▶ [INFORMATION]:
* * * *

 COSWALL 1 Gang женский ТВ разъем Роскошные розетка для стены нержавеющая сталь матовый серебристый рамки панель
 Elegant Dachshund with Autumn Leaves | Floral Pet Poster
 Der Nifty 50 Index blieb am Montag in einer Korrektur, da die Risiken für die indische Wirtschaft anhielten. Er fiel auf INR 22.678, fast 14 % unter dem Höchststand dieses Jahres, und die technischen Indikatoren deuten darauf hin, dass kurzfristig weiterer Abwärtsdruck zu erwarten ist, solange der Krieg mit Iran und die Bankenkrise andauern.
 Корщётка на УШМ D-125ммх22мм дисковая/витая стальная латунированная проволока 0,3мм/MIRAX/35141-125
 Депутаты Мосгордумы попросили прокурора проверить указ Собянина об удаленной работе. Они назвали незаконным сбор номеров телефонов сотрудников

* * * *

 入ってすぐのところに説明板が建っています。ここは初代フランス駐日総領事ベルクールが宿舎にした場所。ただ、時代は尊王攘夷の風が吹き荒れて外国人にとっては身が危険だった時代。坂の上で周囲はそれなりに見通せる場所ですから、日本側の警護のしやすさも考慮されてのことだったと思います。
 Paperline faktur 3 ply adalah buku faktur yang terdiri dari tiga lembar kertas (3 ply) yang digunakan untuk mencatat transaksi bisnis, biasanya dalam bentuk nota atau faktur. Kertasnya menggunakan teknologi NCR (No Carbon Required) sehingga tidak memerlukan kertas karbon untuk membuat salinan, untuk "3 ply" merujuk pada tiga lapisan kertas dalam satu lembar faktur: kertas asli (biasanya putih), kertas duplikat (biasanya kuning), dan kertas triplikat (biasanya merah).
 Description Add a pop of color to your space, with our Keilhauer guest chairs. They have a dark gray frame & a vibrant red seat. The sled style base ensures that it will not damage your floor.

* * * *

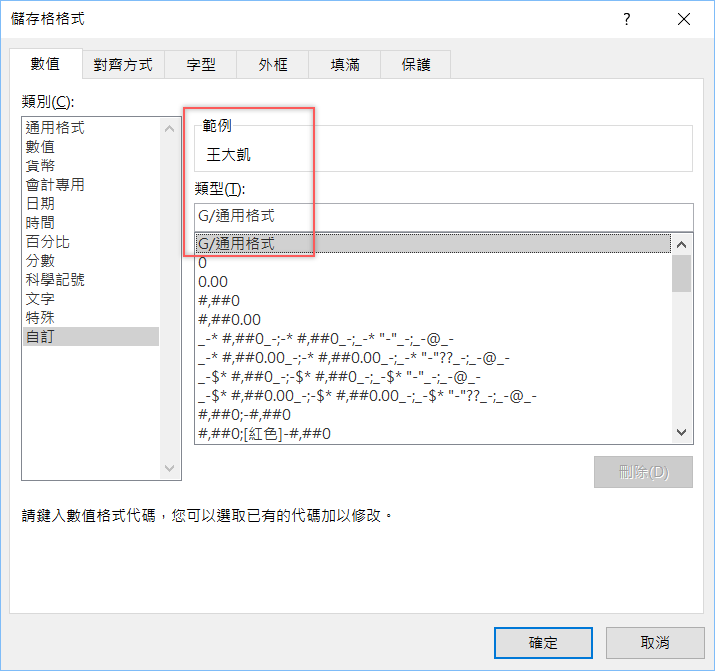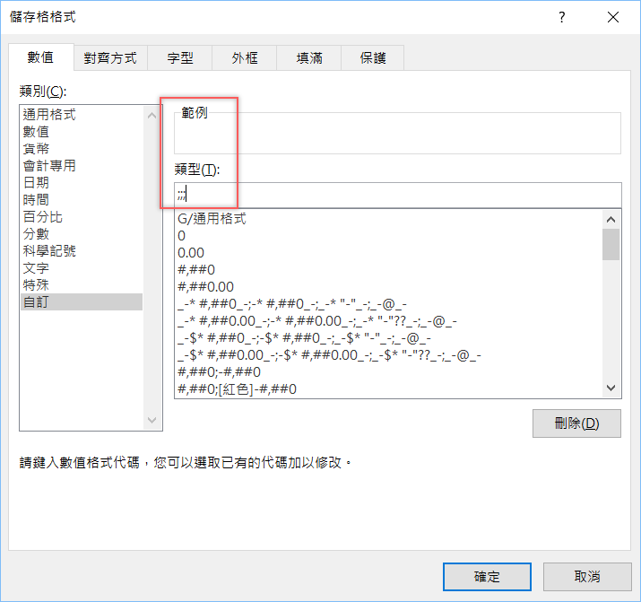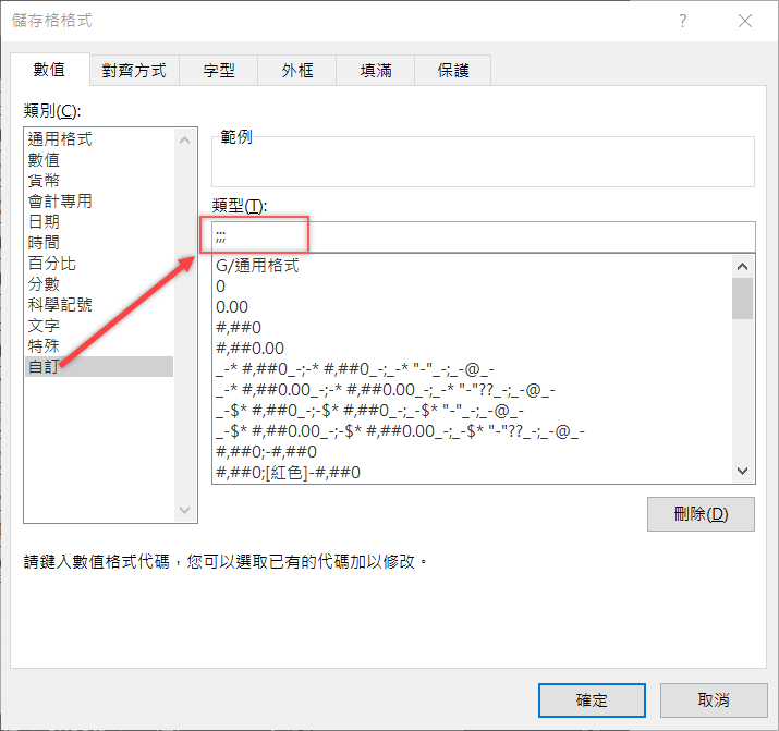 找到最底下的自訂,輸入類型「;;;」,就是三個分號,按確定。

* * * *

▶ [TASK ITEM]: From the entries, copy every line in which the word "with" occurs.

▶ [ANSWER SECTION]:
 Elegant Dachshund with Autumn Leaves | Floral Pet Poster
 Description Add a pop of color to your space, with our Keilhauer guest chairs. They have a dark gray frame & a vibrant red seat. The sled style base ensures that it will not damage your floor.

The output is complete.